---------- Supplied data
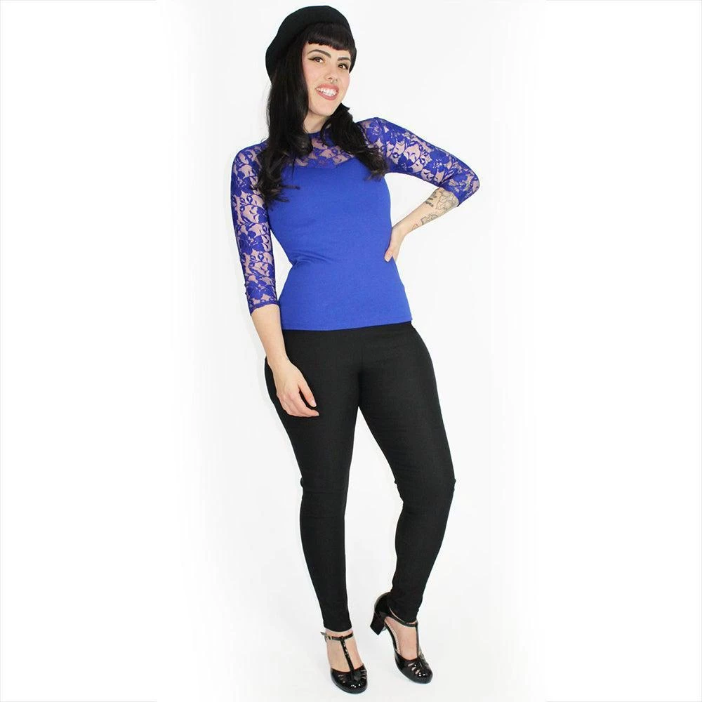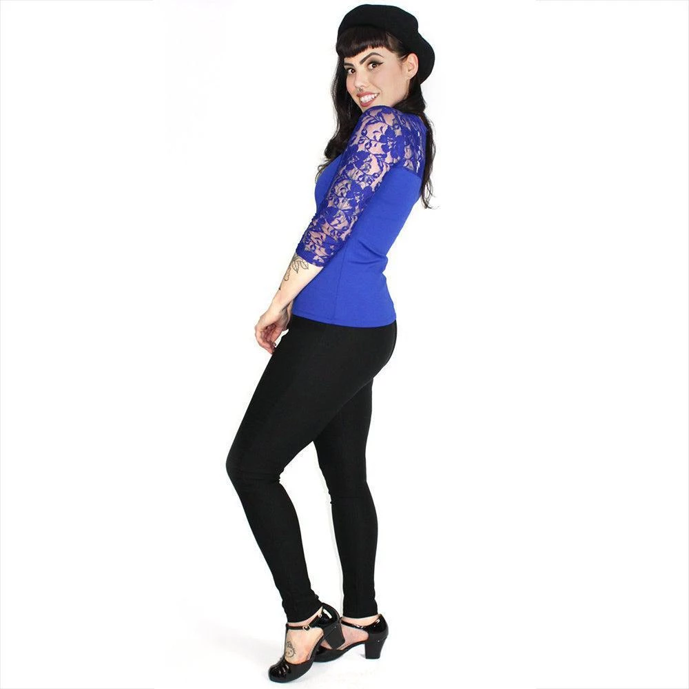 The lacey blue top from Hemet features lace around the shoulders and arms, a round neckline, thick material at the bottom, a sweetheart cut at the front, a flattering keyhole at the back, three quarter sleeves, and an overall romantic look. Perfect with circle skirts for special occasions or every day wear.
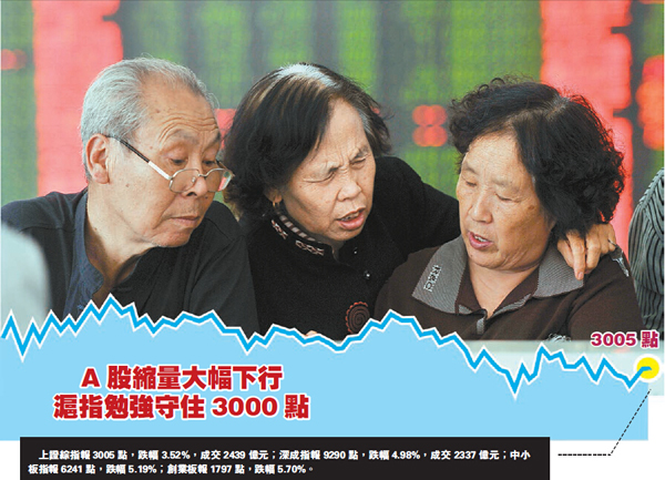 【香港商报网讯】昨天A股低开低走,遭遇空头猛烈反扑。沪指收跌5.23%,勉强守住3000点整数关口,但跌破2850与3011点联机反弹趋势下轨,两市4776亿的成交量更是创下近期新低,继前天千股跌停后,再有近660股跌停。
--------------------
---------- Supplied data
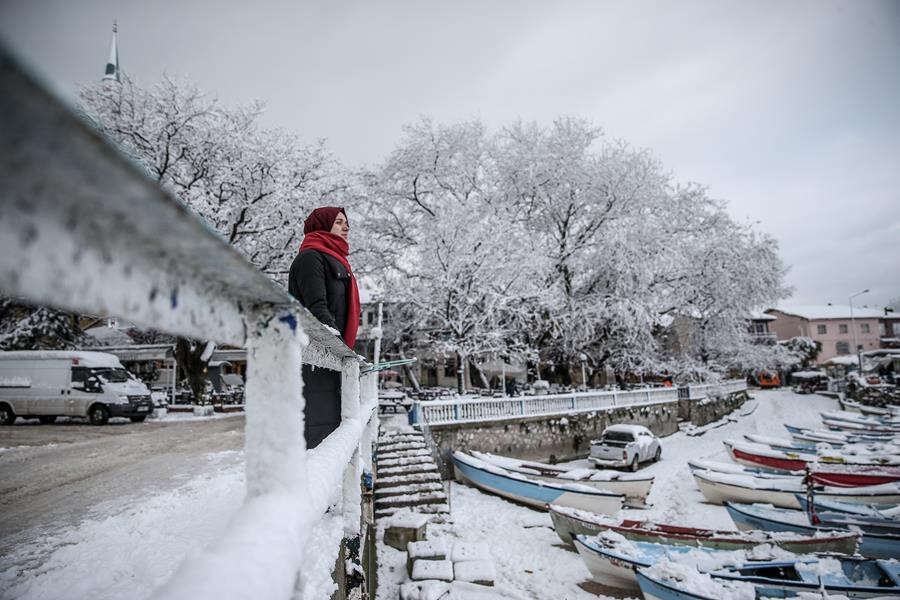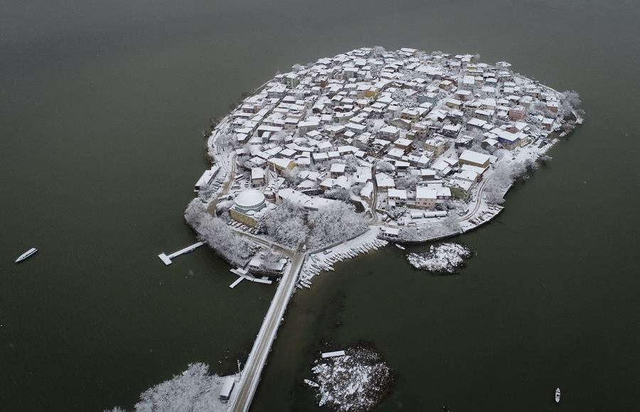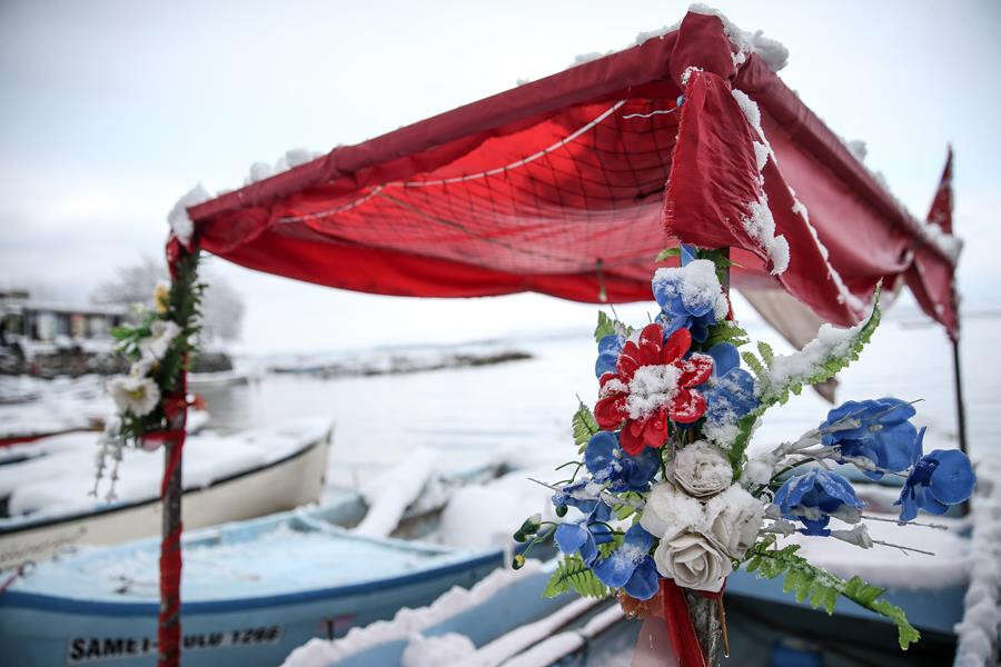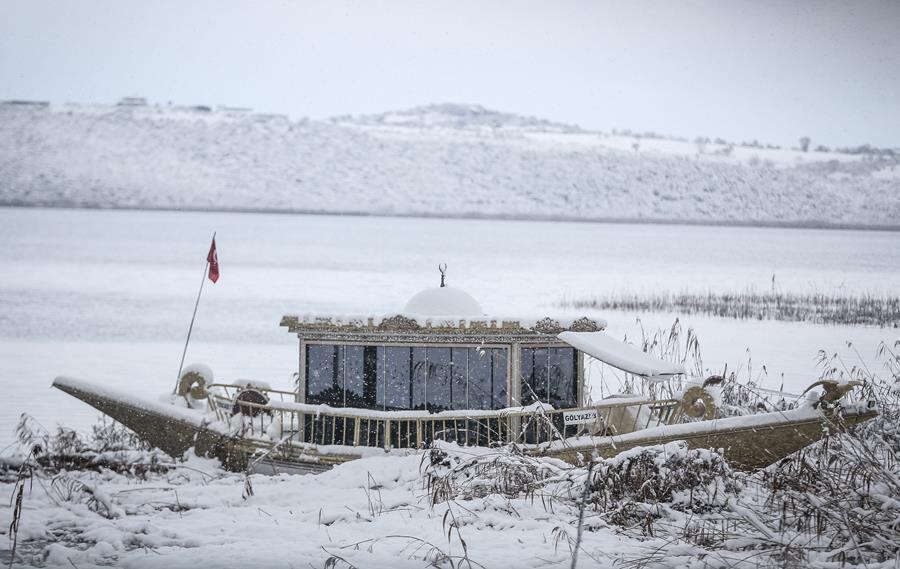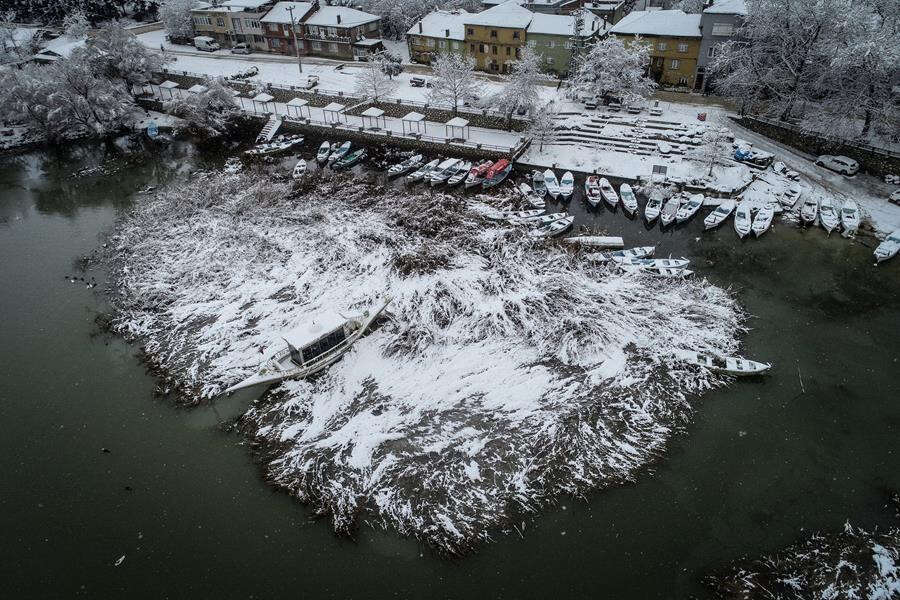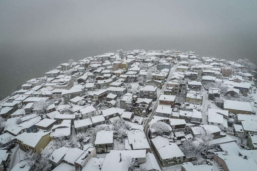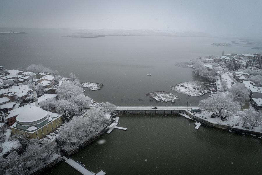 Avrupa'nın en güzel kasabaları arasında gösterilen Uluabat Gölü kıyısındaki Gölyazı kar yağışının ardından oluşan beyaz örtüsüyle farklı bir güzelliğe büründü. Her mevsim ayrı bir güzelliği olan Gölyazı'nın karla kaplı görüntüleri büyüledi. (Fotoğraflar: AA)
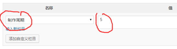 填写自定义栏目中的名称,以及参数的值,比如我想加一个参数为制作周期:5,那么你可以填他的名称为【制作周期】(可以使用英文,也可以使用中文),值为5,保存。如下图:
--------------------
Problem statement: Each line between the one holding "Avrupa'nın en güzel" and the one holding "填写自定义栏目中的名称,以及", inclusive, should be copied exactly as it appears above, and pictures should be omitted.

Exercise answer:
 Avrupa'nın en güzel kasabaları arasında gösterilen Uluabat Gölü kıyısındaki Gölyazı kar yağışının ardından oluşan beyaz örtüsüyle farklı bir güzelliğe büründü. Her mevsim ayrı bir güzelliği olan Gölyazı'nın karla kaplı görüntüleri büyüledi. (Fotoğraflar: AA)
 填写自定义栏目中的名称,以及参数的值,比如我想加一个参数为制作周期:5,那么你可以填他的名称为【制作周期】(可以使用英文,也可以使用中文),值为5,保存。如下图:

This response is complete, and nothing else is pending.